The notes of the bugle, summoning the loyal men of the country to come forward and rescue the country from the hands of those who would destroy it, were heard and heeded by the brave boys of Wesley; and scarcely had the first blast broken the peaceful stillness which usually precedes the storm, when many who loved country more than homes or kindred, were on their way to the front. Some of them never returned, but their bodies lie in the soil beside those with whom they struggled; others were permitted to return, disabled by wounds or disease, to die at their homes and be laid to rest by friendlier hands, in the little cemetery whither their fathers and kindred had preceded them; and, with thanks to God, who had preserved them through all of the dangers and hardships of the campaign, others returned at the close of the war and are still spared to their friends and to the country which they served so faithfully.
The township of Wesley consists of about twenty-nine sections, being all of Congressional Towns 32 north, Ranges 9 and 10 east of the Third Principal Meridian, lying east and north of the Kankakee River.
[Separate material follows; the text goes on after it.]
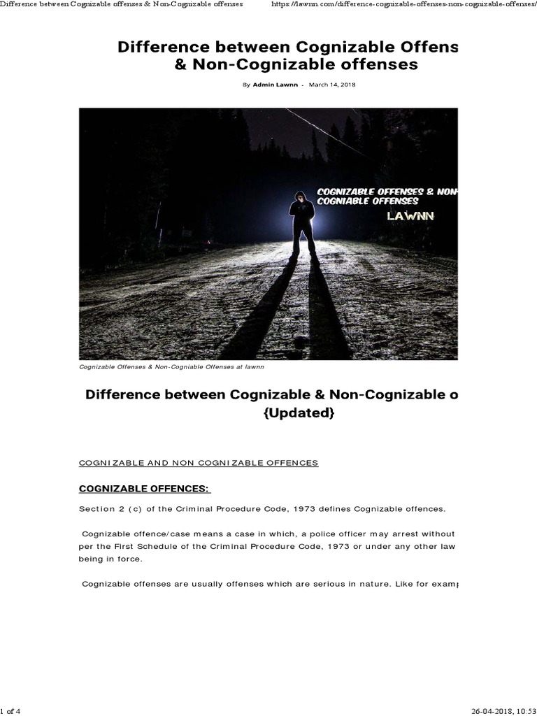 Distinction Between Cognizable Offence And Non Cognizable Offence - Capable of being known, also liable to be tried in a given court or jurisdiction, from stem of… related:
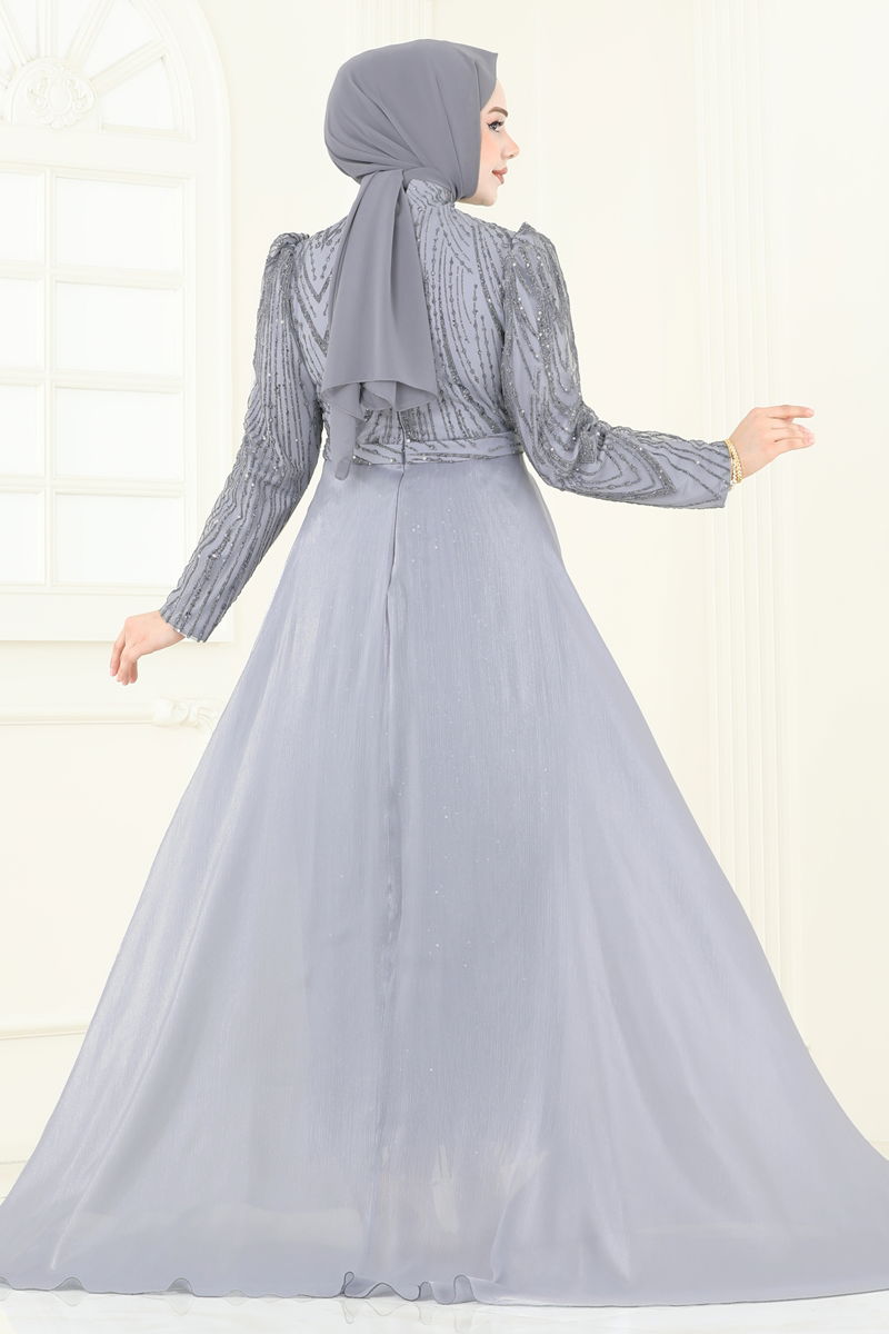 Elevate your elegance with the Cape-Detailed Glittery Evening Dress, suitable for wear in all four seasons. This modest dress is made from glittery tulle fabric and features a semi-mandarin collar and lining. The zippered back makes it easy to wear, and the chiffon cape detail offers a stunning look. Since the fabric is heavily glittered, shedding may occur; dry cleaning is recommended. The product model shown is a size 38.Evening Dress SIZE DIMENSIONS (CM)Size Chest Length 38 96 134 40 100 134 42 108 134 44 112 134 46 116 134 48 122 134 Weight (Kg):0.49 -

The land in the north and east parts of the township is first-class, being of rich, deep soil and very productive of corn, hay, rye and oats, large crops of which are raised. The south and west portions are broken by sand ridges, and these are, in a measure, barren. Wheat is grown here to some extent; and John Kelly says that his farm has produced fair crops every year for thirty-nine years.
Of late years, many of the farmers have been giving attention to dairying and a cheese and butter factory has been recently built in the eastern part, by Elnathan Wright, of Manteno, to accommodate that industry. Stone of a good quality, but rather difficult to quarry is found along the bank of the Kankakee. Forked Creek which enters the township in the northeast corner and leaves at the northwest corner, flows, with long and gradual bend, through the central part, affording fine stock-water to th^ farms in its vicinity. Nearly one-half was formerly covered with timber. Much of the best timber, however, has been cut down, and the most of that remaining is valuable for posts and fuel. It is hardly necessary to inform our readers that the township was named in honor of the great apostle of Methodism, John Wesley. The pioneers of this vicinity were nearly all of that persuasion; and when a name was required for it, they bestowed upon it that name which, next to the saints, is dear to every Methodist.